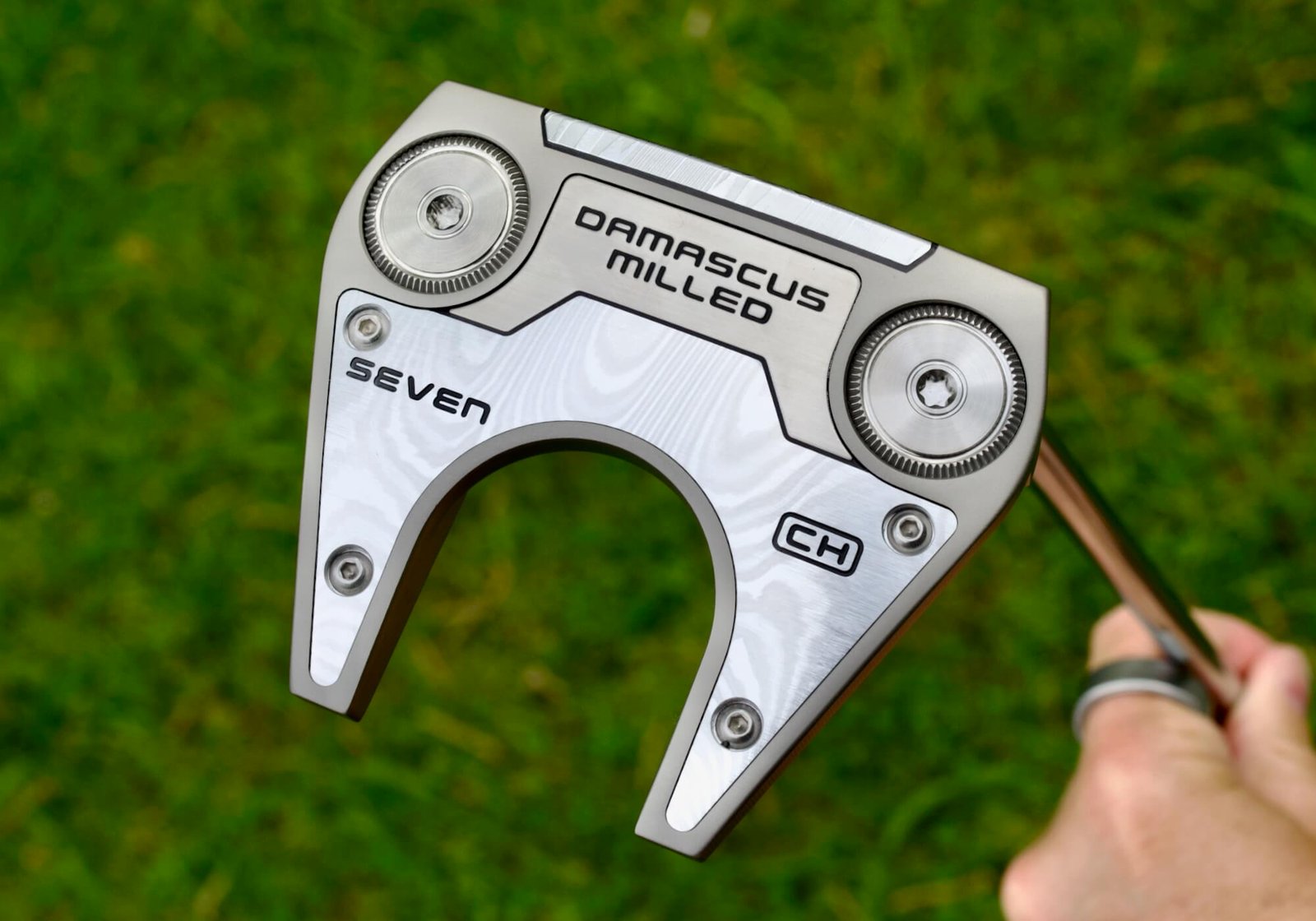 Ignoring the insert, this is a great version of the Seven. If all they did was deep mill the stainless steel face, I’d be a fan. At address, the dots and lines mesh perfectly with the putter geometries. I’d game a non-Damascus version without protest.
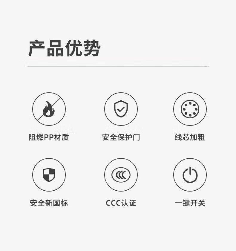 新国标3C认证;大间距/线芯加粗;节能一体铜条;高温阻燃材质
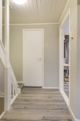 Via de keuken komt u in de bijkeuken met royale kastenwand met garderobe. Hier zijn ook de wasmachine en droger netjes in verwerkt.
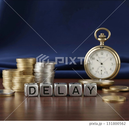 Delay word cubes, money stacks, and a pocket watch on a wooden table
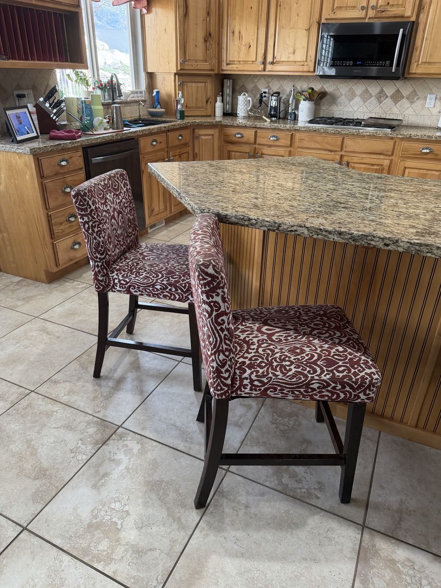 PayPalBeautiful set of 4 fabric rustic red and cream bar stools , the floor to the back of the top of the back of chair measures 37 inches, the floor to the top of the seat measures 24 inches , excellent condition, no tears from a smoke free home.
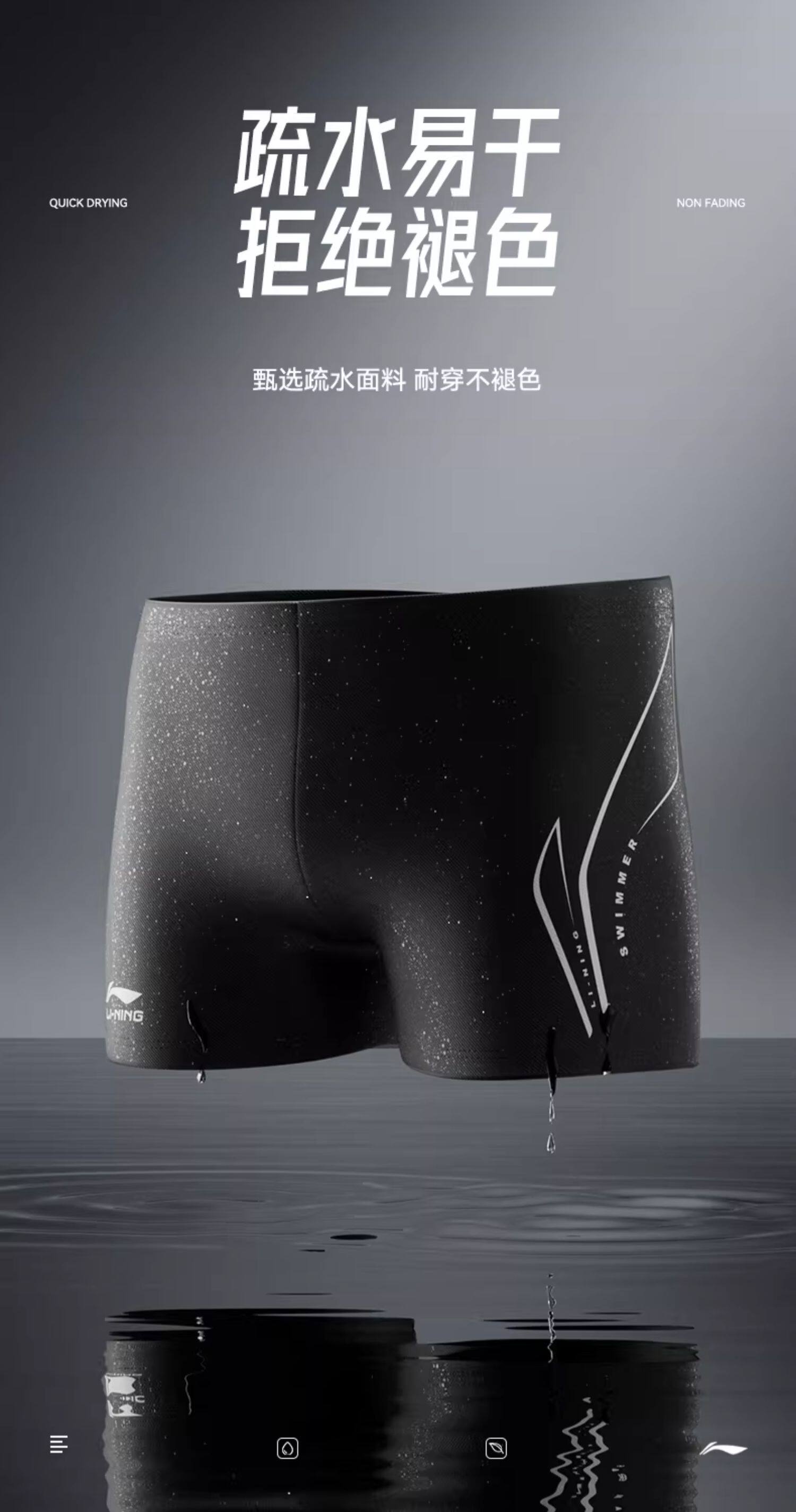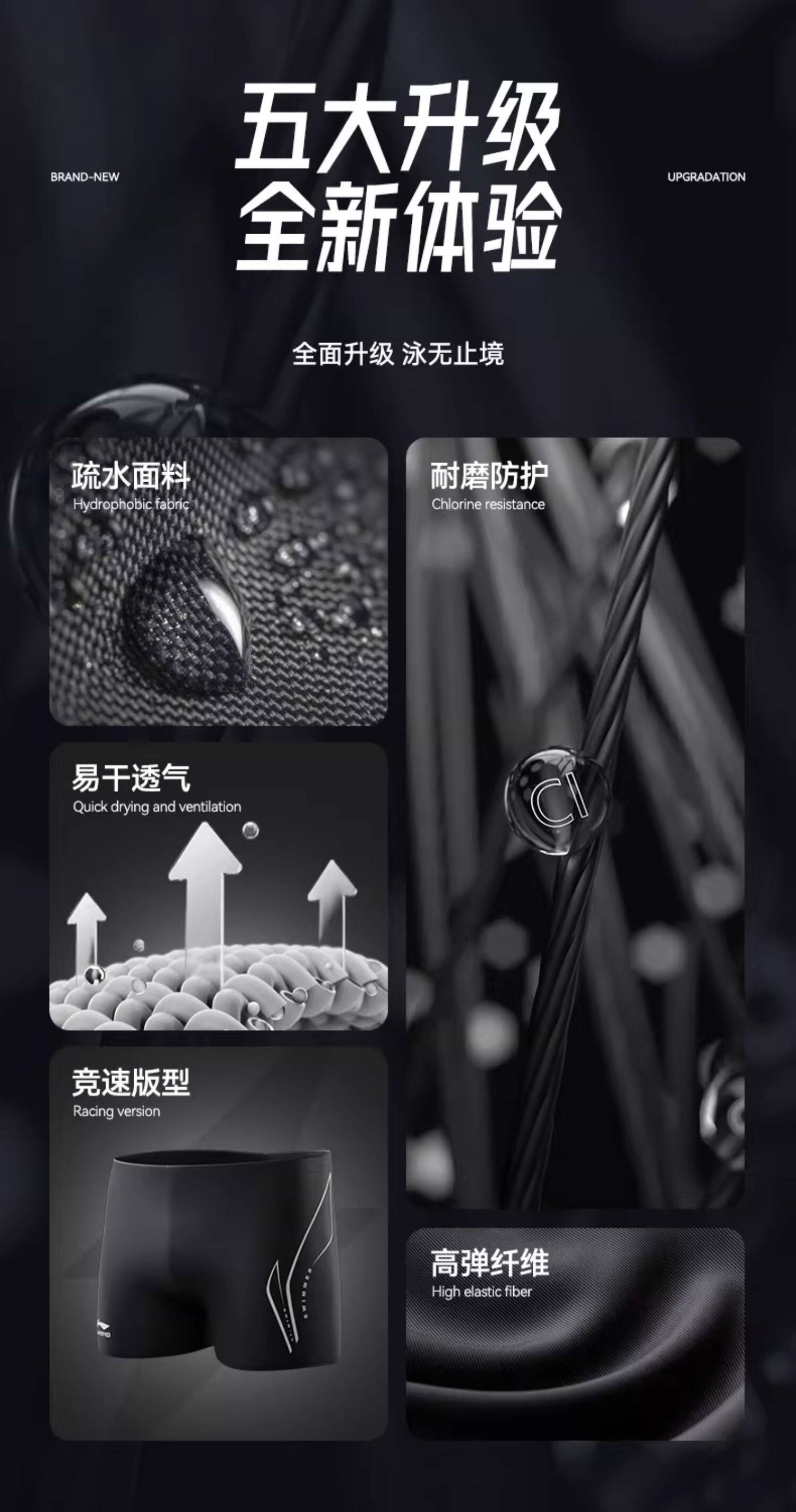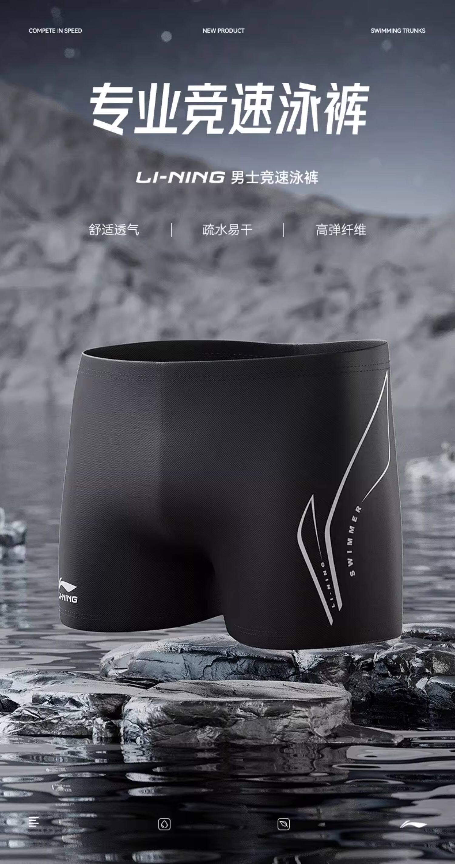 Li-Ning Men's Swim Trunks 2025 New Model Anti-Embarrassment Youth Adult Swim Cap Swim Goggles Five-Point Length Hot Spring Professional

----

*Task to carry out*
Excluding the pictures, restate word for word the lines from the one that holds "PayPalBeautiful set of" through the last line of the entries, both ends included.

*Written solution*
 PayPalBeautiful set of 4 fabric rustic red and cream bar stools , the floor to the back of the top of the back of chair measures 37 inches, the floor to the top of the seat measures 24 inches , excellent condition, no tears from a smoke free home.
 Li-Ning Men's Swim Trunks 2025 New Model Anti-Embarrassment Youth Adult Swim Cap Swim Goggles Five-Point Length Hot Spring Professional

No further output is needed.